И, как писал позже в мемуарах товарищ генерал-губернатор, «словно солнечный нимб возник вокруг головы моего дражайшего начальника, у коего столь многому научился я во время нашей плодотворной совместной работы над процветанием края Бессарабского». Лоринков, улыбаясь,
Сегодня, в знак памяти, дверь в доме генерал-губернатора, – ставшего музеем, – оставлена открытой навсегда…
* * *
На улицах было непривычно весело.
Кишинев ликовал.
В городе происходил первый, – после двухсотлетнего перерыва, – погром. В воздух взлетали чепчики, букеты цветов, и фуражки. Горожане почувствовали себя раскрепощенными. У больницы внимание Лоринкова и его помощника привлекала толпа, которая линчевала докторов. Причем общество проявляло трогательное единодушие, в другое время непременно растрогавшее бы Лоринкова. Среди линчевателей наблюдалось много как евреев, так и молдаван, да и немногочисленные русские не отставали.
– Чмошники детям холеру вводють, – кричала толпа.
– Чума на их дом! – кричала толпа.
– Колоть их в сраку, – кричала толпа.
– Богу надо молиться а не прививки ставить! – говорили они.
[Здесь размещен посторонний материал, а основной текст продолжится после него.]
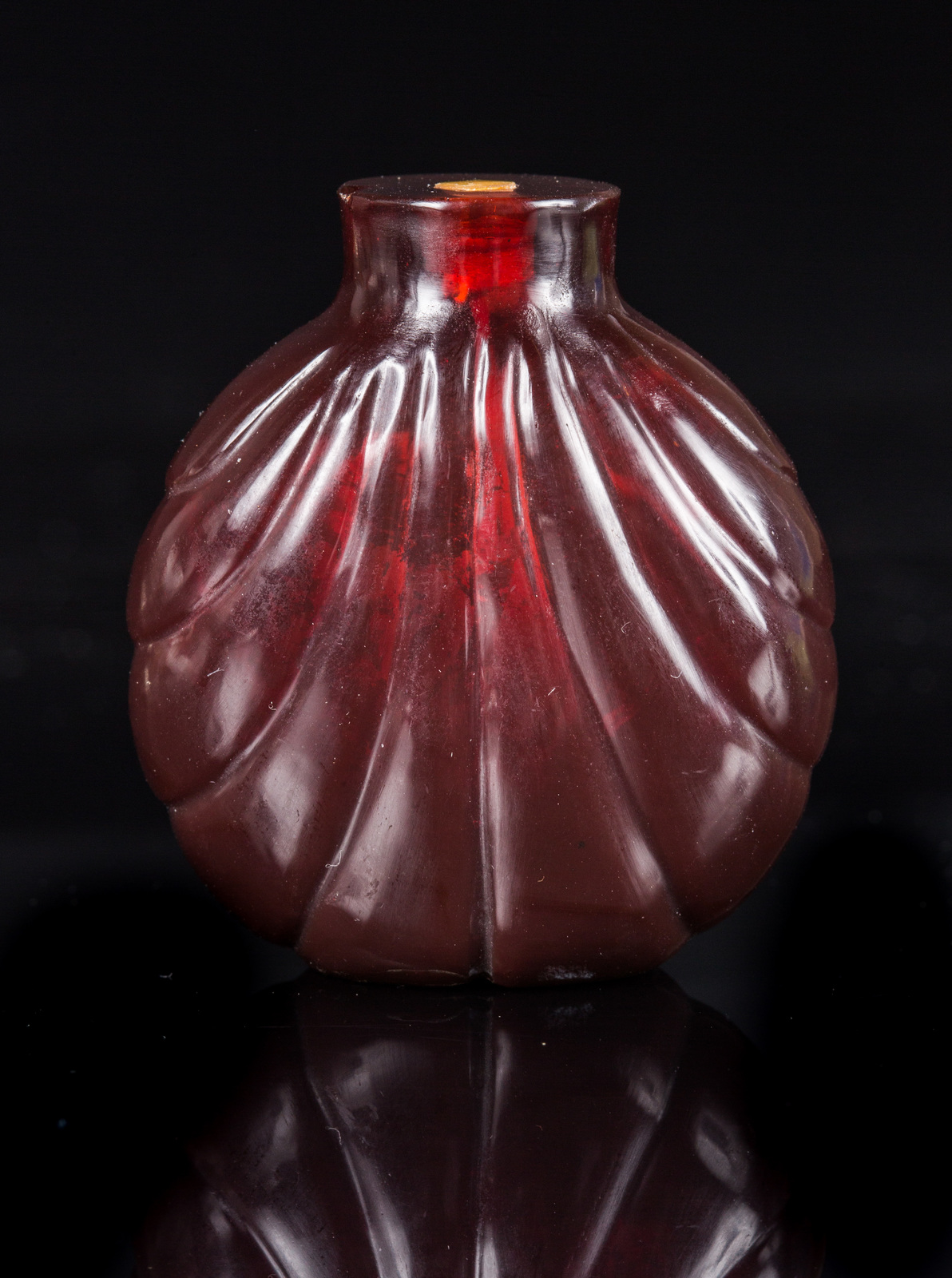 Lot 159 | Arte Cinese Tabacchiera in vetro viola a forma di conchiglia Cina, XIX - XX...

– Врачей на мыл, – говорили собравшиеся.
Некоторых докторов уже вздернули на фонарях, которые появились в городе по велению генерал-губернатора. Других только подтаскивали к месту казни. Генерал-губернатор побледнел, и, вынув золоченный маузер из кобуры, побежал к толпе. За ним, чуть поодаль, с очень независимым и посторонним видом, – позволившим ему спастись, – последовал товарищ Маратка.
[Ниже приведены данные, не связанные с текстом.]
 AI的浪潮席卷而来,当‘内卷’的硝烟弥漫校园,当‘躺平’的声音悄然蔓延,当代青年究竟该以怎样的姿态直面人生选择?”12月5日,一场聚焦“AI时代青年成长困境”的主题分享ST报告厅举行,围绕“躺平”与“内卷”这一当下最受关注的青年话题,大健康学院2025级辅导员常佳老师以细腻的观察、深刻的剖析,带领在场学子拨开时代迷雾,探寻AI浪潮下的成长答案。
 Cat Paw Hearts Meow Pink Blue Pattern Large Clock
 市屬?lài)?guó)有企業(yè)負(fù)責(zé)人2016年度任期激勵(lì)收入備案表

– Господа, – закричал Лоринков, размахивая пистолетом.
– Отставить погром! – закричал он.
– Врачей отпустить! – велел он.
– Именем Государя! – велел он.
Генерал-губернатора не слушали. Толпа с рыком и ревом – Лоринков различил лишь «шабес-гой гребанный, гомик русский, куйло антисемитское, чмо, попил крови народной, сука, сюртук не попортите, ун, дой трей, сунт ешть ун гайдук», – сужалась. Смотрели на Лоринкова обреченно врачи, избитые в кровь… Генерал-губернатор их из столицы выписывал, почет и уважение обещал… Вот и смерть моя пришла, понял вдруг генерал-губернатор. Всю жизнь гадал, какой она будет, и вот, на тебе.
Смерть оказалась немытой, пахла вином, чесноком и фаршированной рыбой.
Эх, Марусенька, Марусенька, подумал Лоринков. Вспомнил, как жена, прощаясь, все рвалась поцеловать руку. Словно чувствовала, подумал он грустно. О детях даже и думать не стал, чтобы не умирать чересчур уж мрачным.
А врачей спасать надо, а то не по-людски, подумал он.
Рванул, что есть силы, в сторону от больницы, уводя за собой толпу.
Бежал с километр, а когда дорога кончилась у тупика, встал повернулся и встретил погромщиков. Семь пуль разрядил в толпу – хоть и золото, а грудь пробивали навылет, – и восьмую пустил себе в висок. И очень удивился, когда не умер. Потом добежали погромщики, взмыли в небо колья, и тогда-то генерал-губернатор и погиб, успев подумать, что Его Величество все-таки не выучили русский язык как следует.